Supplied material —
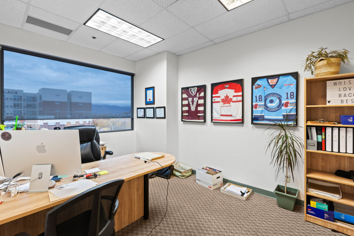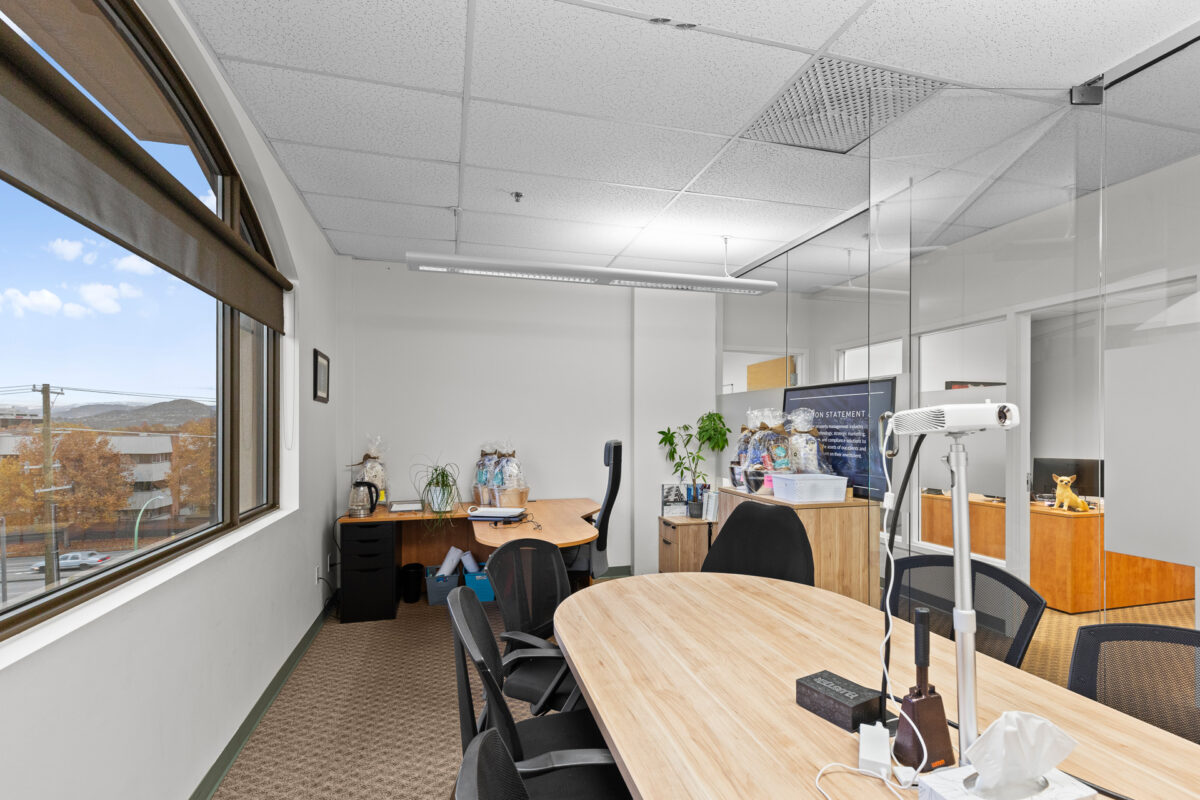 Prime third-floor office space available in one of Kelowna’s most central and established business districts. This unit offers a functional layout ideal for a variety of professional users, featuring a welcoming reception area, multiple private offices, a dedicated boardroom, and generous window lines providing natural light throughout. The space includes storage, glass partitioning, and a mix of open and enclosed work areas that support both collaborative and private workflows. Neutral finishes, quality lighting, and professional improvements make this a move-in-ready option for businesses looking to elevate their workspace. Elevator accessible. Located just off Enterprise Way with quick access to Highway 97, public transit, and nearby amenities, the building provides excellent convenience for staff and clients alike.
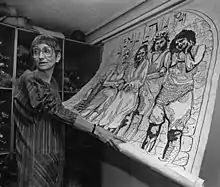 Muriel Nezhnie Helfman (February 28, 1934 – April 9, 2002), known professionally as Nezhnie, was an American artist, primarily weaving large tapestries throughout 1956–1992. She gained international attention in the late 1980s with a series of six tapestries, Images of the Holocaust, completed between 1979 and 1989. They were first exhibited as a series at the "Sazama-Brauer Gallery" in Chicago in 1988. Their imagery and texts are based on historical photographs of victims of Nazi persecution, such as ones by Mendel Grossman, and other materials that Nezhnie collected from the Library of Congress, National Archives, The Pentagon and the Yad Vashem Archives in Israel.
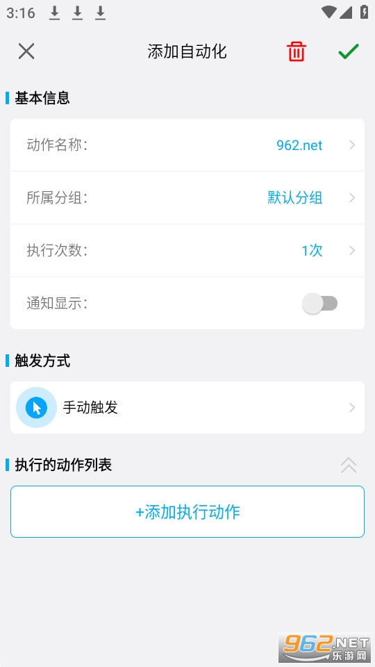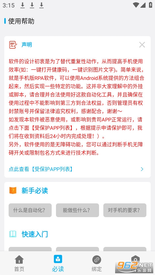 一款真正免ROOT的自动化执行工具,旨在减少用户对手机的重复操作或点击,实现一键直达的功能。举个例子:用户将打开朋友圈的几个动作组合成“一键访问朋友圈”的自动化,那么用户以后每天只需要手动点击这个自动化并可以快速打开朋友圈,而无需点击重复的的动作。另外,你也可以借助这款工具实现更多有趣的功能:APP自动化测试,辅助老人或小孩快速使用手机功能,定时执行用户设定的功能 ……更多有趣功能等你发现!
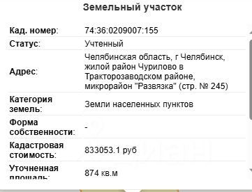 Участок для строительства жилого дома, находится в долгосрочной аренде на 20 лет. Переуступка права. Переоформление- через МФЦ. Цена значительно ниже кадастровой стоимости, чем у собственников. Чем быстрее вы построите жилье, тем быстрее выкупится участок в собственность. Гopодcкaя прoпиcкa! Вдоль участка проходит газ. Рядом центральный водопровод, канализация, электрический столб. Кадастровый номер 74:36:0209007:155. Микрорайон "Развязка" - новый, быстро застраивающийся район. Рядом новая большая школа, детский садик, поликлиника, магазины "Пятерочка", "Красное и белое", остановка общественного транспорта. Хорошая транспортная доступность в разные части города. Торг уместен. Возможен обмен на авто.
* * *
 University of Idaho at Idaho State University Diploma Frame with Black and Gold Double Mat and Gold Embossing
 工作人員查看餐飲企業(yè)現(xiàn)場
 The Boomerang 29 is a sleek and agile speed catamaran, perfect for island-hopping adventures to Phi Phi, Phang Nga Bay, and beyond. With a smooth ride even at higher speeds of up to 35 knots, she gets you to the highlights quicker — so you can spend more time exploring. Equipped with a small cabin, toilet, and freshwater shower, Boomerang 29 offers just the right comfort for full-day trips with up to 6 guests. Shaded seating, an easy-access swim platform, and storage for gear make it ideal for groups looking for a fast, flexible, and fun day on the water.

Task to carry out — Of all the entries above, repeat only the lines from the line that has "工作人員查看餐飲企業(yè)現(xiàn)場" to the line that has "The Boomerang 29", both lines included, exactly.

Solution to the exercise —
 工作人員查看餐飲企業(yè)現(xiàn)場
 The Boomerang 29 is a sleek and agile speed catamaran, perfect for island-hopping adventures to Phi Phi, Phang Nga Bay, and beyond. With a smooth ride even at higher speeds of up to 35 knots, she gets you to the highlights quicker — so you can spend more time exploring. Equipped with a small cabin, toilet, and freshwater shower, Boomerang 29 offers just the right comfort for full-day trips with up to 6 guests. Shaded seating, an easy-access swim platform, and storage for gear make it ideal for groups looking for a fast, flexible, and fun day on the water.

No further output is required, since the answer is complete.